We create a dataset for facilitating audio-visual analysis of musical performances. The dataset comprises a number of simple multi-instrument musical pieces assembled from coordinated but separately recorded performances of individual tracks. We anticipate that the dataset will be useful as “ground truth” for evaluating audio-visual techniques for music source separation, transcription, and performance analysis. A more detailed description and sample data is here.
Bach10 dataset is a polyphonic music dataset which can be used for versatile research problems, such as Multi-pitch Estimation and Tracking, Audio-score Alignment, Source Separation, etc.
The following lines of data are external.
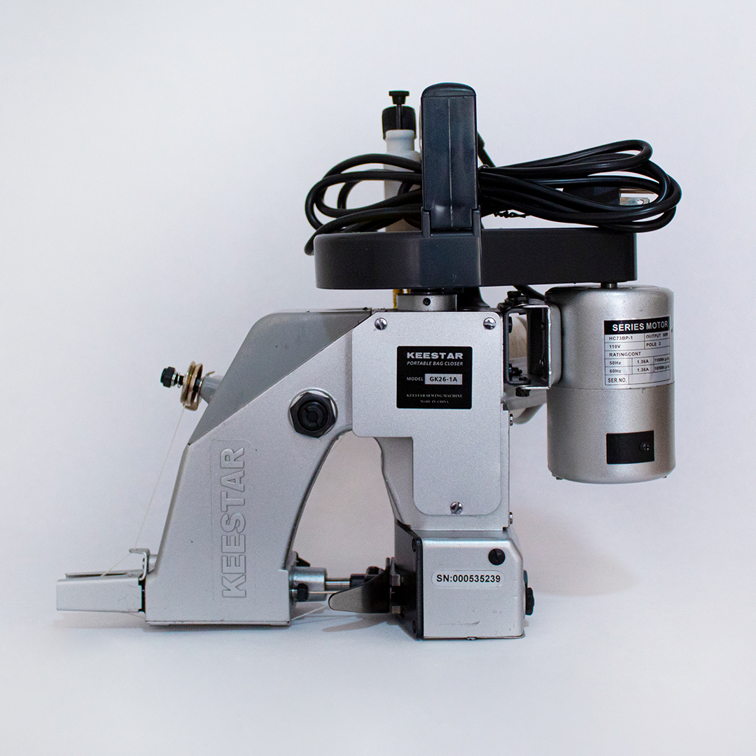 Cosedora industrial modelo GK-26-1A, ideal para el cerrado de sacos o bolsas de papel, yute o polipropileno. Compacta, portátil y de alto rendimiento, ampliamente usada en agroindustria, bodegas y fábricas.
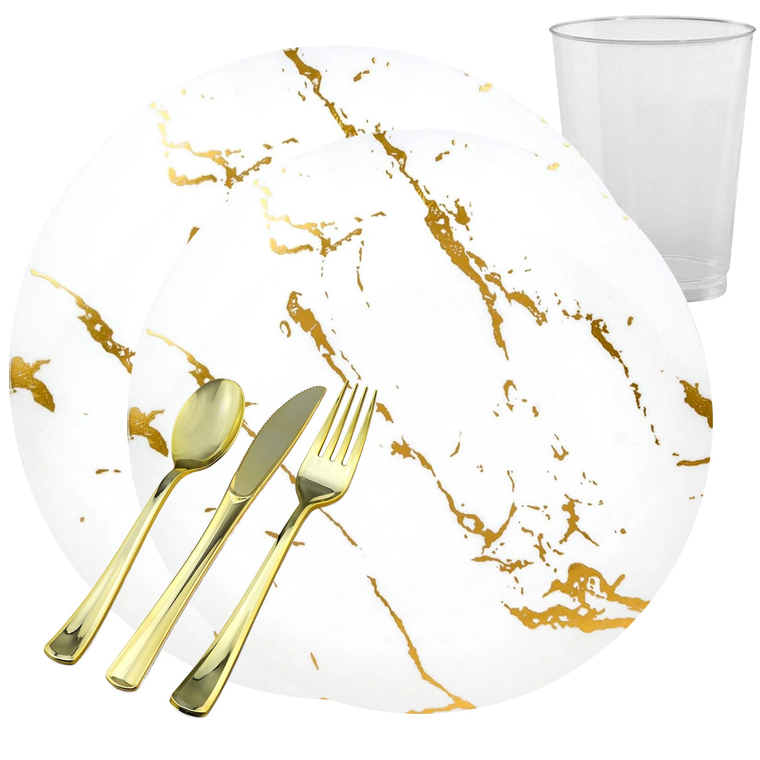 *BUY BULK* Gold Stroke White s Disposable Plastic Dinner Tableware COMBO Set
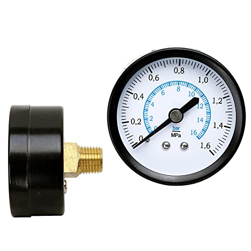 Manometro professionale 1/4" 230 PSI 0-16bar 50mm Compressore Aria Compressa Misuratore a Doppia Scala
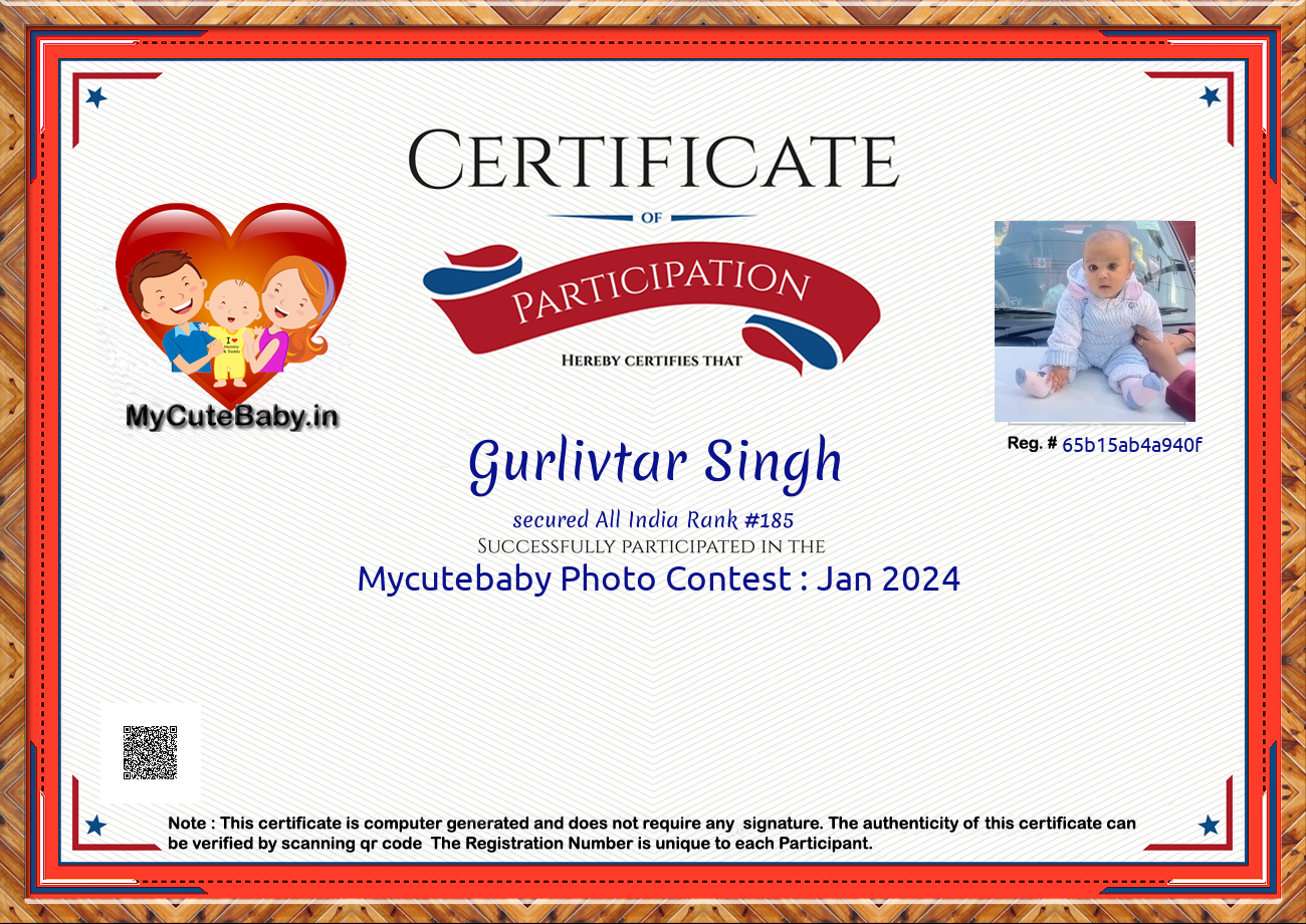 Participation certificate for all the participants whose mycutebaby votes are more than 1000.

This dataset consists of the audio recordings of each part and the ensemble of ten pieces of four-part J.S. Bach chorales, as well as their MIDI scores, the ground-truth alignment between the audio and the score, the ground-truth pitch values of each part and the ground-truth notes of each piece. The audio recordings of the four parts (Soprano, Alto, Tenor and Bass) of each piece are performed by violin, clarinet, saxophone and bassoon, respectively. A more detailed description is here. Dataset Download
The Pitch-Tracking Database from Graz University of Technology (PTDB-TUG) is a speech database for pitch tracking. It contains microphone and laryngograph signals of 20 English native speakers reading the TIMIT corpus. The database also provides reference pitch trajectories which were calculated from the laryngograph signals using the RAPT pitch tracking algorithm . Here, we provide another version of the reference pitch trajectories, calculated using the Praat pitch tracking algorithm  on the microphone signals. We found that about 85% of the Praat-generated ground-truth pitches agree with the RAPT-generated ground-truth pitches. Praat-generated Reference Pitch Trajectories Download
 D. Talkin, “A robust algorithm for pitch tracking (RAPT),” in Speech Coding and Synthesis (W.B. Kleijn and K.K. Paliwal, eds.), pp. 495–518, Elsevier Science B.V., 1995.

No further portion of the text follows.